Make no mistake: Die Hard is one of the best Christmas movies of all time. John McClane’s defence of Nakatomi Plaza from German terrorist Hans Gruber is a carefully engineered thriller movie that delivers on all the bullets and yuletide mayhem one could ask for.
But when it comes to festive action movies, an unsung classic stands over Bruce Willis and his barefooted vigilante justice. An explosive, seedy, psychological film that features another star-making turn in the lead, another A-list co-star, and some extremely satisfying kills.
The Long Kiss Goodnight is a ’90s movie from director Renny Harlin and writer Shane Black that features Geena Davis essentially doing Jason Bourne several years before Matt Damon. Her character, Charly, is an amnesiac who, eight years prior, was found two months pregnant and washed up on a beach. She’s since settled down and raised a family, but her old life eventually resurfaces during one fateful holiday season.
That such a premise comes from Black isn’t a surprise, since a lot of his career has involved gangsters and cops working around tinsel and fairy lights.
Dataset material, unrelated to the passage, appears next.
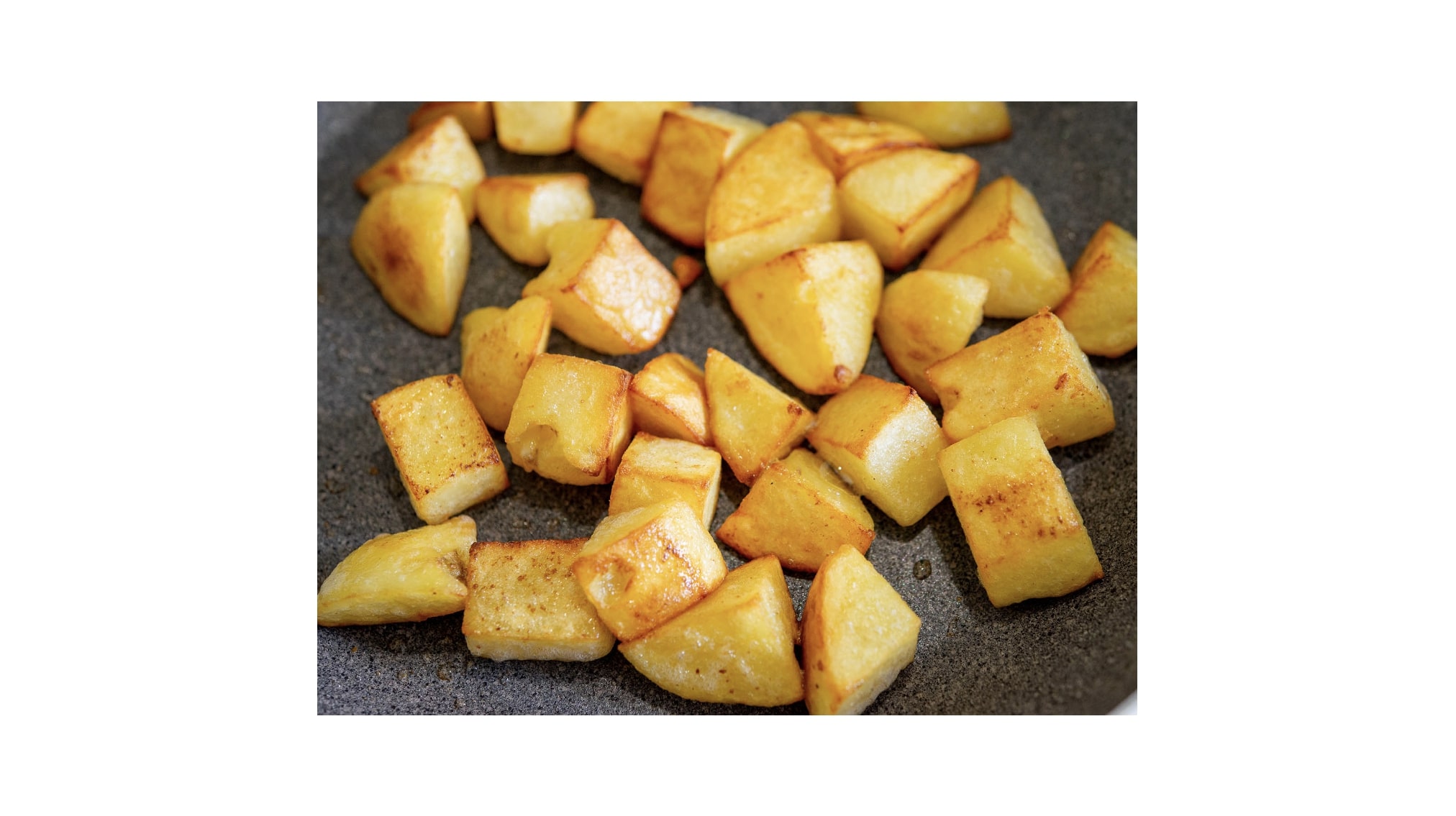 • ジャガイモはゆっくりと弱火から中火で火を入れ。バターの味をしっかりと含ませ、やわらかくなったら中火で表面にしっかりと焼き色を受ける。
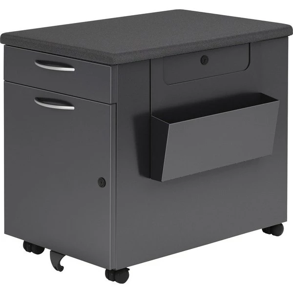 Chester Cabinet offers versatile personal storage for varied things you use at work. Lift the top to access landing pad for your devices and a storage well for your backpack, purse, gym bag or other personal items. The underside of the top features a markerboard panel. A file drawer and concealed personal drawer can help with the incidental filing and storage. The concealed top drawer is accessible when bottom drawer is open. Black cushion top provides a convenient spot for temporary seating. Cabinet is also equipped with a core-removable lock, satin nickel loop-pull front and fifth wheel on front to prevent tipping. Hanging side bin for active documents is sold separately.

Charly and her eventual accomplice Mitch, a crooked investigator played by the inimitably cool Samuel L Jackson, are an odd couple very much in the spirit of Riggs and Murtaugh from Lethal Weapon or Joe and Jimmy of The Last Boy Scout.
Mitch used to be a detective in Detroit, where it’s impossible not to get a little dirty, and he takes on Charly’s case to find someone – anyone – who remembers who she was. Their finding each other is fateful, as he becomes her only ally after hitmen threaten her partner and daughter. Normally, he wouldn’t get so involved, but since he “never did one thing right” in his life, he decides to stick around and see where the breadcrumbs of Charly’s past lead.
Mercenaries leave them with just the cash in their pockets, Mitch’s car, and whatever could be packed into a suitcase for resources. Like many great action films, The Long Kiss Goodnight runs on desperation and cunning. Mitch understands how to live on the edge, but Charly’s new to it, though she gradually learns she’s got some incredible muscle memory when it comes to knives and guns.
The only way Charly can save her present is to figure out her past, and she needs her former self to grapple with the sociopathic evil in front of her. Dream sequences reveal Samantha, Charly’s dormant personality, exclaiming that she’s going to take back control. She’s leaked out in drops, telling their child that “life is pain” in response to a skating injury, but now Samantha wants to be in the driver’s seat.
Charly faces an existential threat: not only could she lose her family, but also her very being. It’s what elevates the film both as a psychological thriller and a festive feature; Christmas is a crucial symbol for redemption, and losing it means losing her personhood. She undergoes a truly transformative arc that tackles the inescapability of her past and the opportunity for growth and acceptance, all while taking down sadistic government stooges. What’s more Christmassy than that?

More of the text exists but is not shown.